Although historically under one, the SOPR has recently returned above equilibrium. This is an indication that the coins are being sold more frequently because they were acquired at a profit, versus those that were purchased at a loss. Early-stage bull cycle recoveries have been characterized by sustained SOPR values above one.

Transition Zone and Decision Time for Investors
Currently, STHs are between minimal losses and minor gains. Investors are currently deciding if they should exit their positions or hold them.
When a token experiences sideways price movement in decision zones, it often results in rising supply due to fatigue from investors. However, if bulls can break through these zones quickly, they can establish a strong sense of confidence.
If STHs continue to be profitable, then they expect continued upside pressure. Conversely, if STHs lose profitability, then the coin may face additional downward pressure.
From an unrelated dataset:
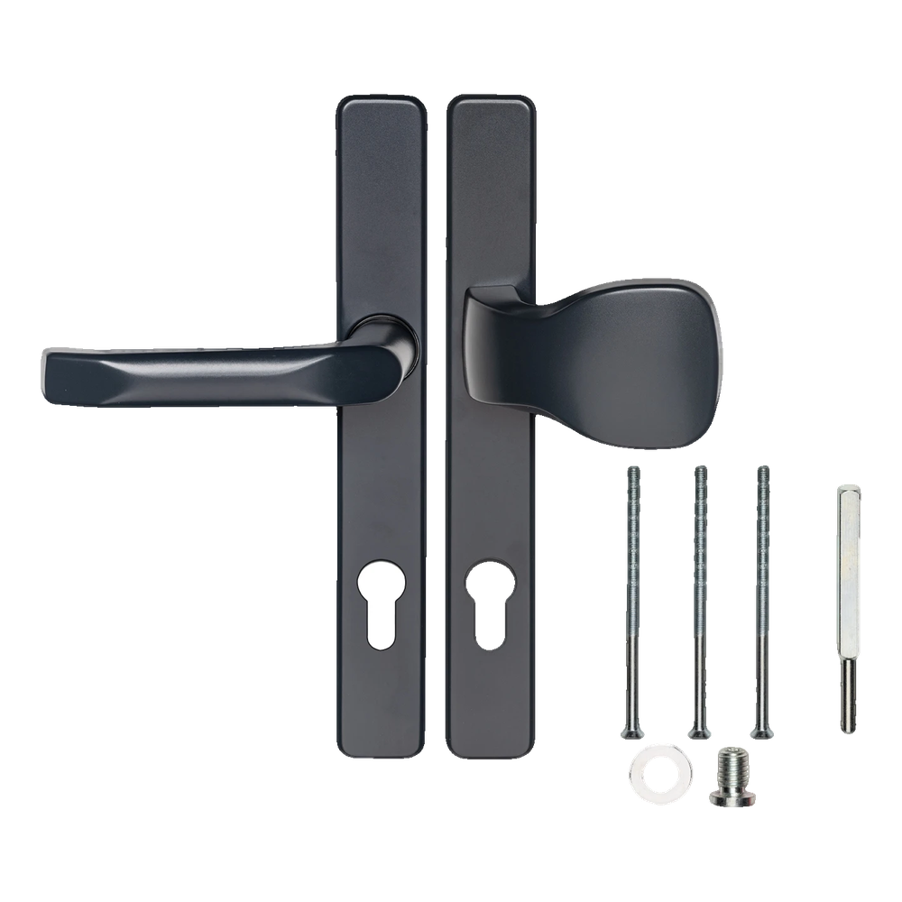 Antracitová kľučka na dvere so štítkom a gombíkom je kompletná sada určená na montáž v dverách vybavených zámkom s valčekovou vložkou. Kombinácia klasickej kľučky na vnútornej strane s ergonomickým gombíkom (úchytom) na vonkajšej strane zabezpečuje pohodlnú a bezpečnú obsluhu dverí — ideálne riešenie na vchodové dvere, brány a bránky.

Profitability Will Determine Next Trend Phase
Whether short-term holders can continue to remain profitable will determine what happens next for the BTC price. If short-term holders can gain enough traction to stay above their average cost bases, previously established areas of resistance may become new support structures.
Conversely, if short-term holders cannot generate enough momentum to break resistance, the move may stall. Previous buyers could then sell at breakeven, adding further downward pressure.
Since volume has remained low, moderate inflows into the market can create a significant impact on price movement.
This article contains market analysis and price predictions. These are not guarantees. Crypto markets are volatile. Always DYOR. Not financial advice.